> [Assignment]: Among the entries below, only the lines from the one with "Minimalist 1.10 Carat" through the one with "KISA KOLLU, KARE YAKA, ÇIT ÇITLI BODYSUIT" are to be retyped, exactly and without pictures.

== Records shown ==

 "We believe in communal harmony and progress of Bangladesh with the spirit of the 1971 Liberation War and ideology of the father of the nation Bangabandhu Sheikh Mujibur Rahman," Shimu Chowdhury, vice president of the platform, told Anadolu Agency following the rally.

===
== Records shown ==

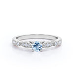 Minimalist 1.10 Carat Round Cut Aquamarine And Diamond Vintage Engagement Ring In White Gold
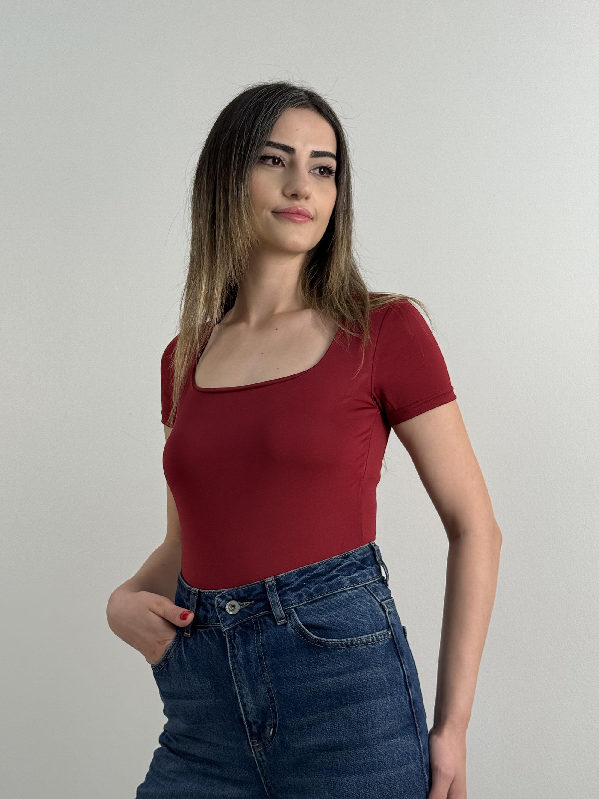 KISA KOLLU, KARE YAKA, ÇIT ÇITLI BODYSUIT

===
== Records shown ==

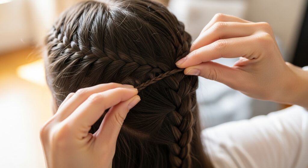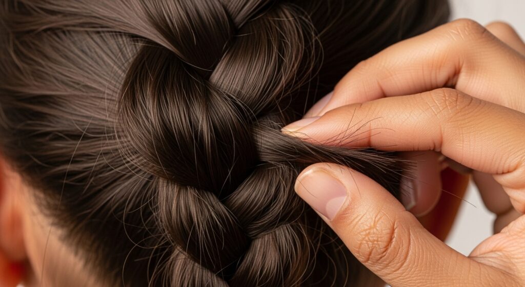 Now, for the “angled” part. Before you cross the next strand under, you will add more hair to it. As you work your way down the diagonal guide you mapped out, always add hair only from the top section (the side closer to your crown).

===

> [Response to the exercise]:
 Minimalist 1.10 Carat Round Cut Aquamarine And Diamond Vintage Engagement Ring In White Gold
 KISA KOLLU, KARE YAKA, ÇIT ÇITLI BODYSUIT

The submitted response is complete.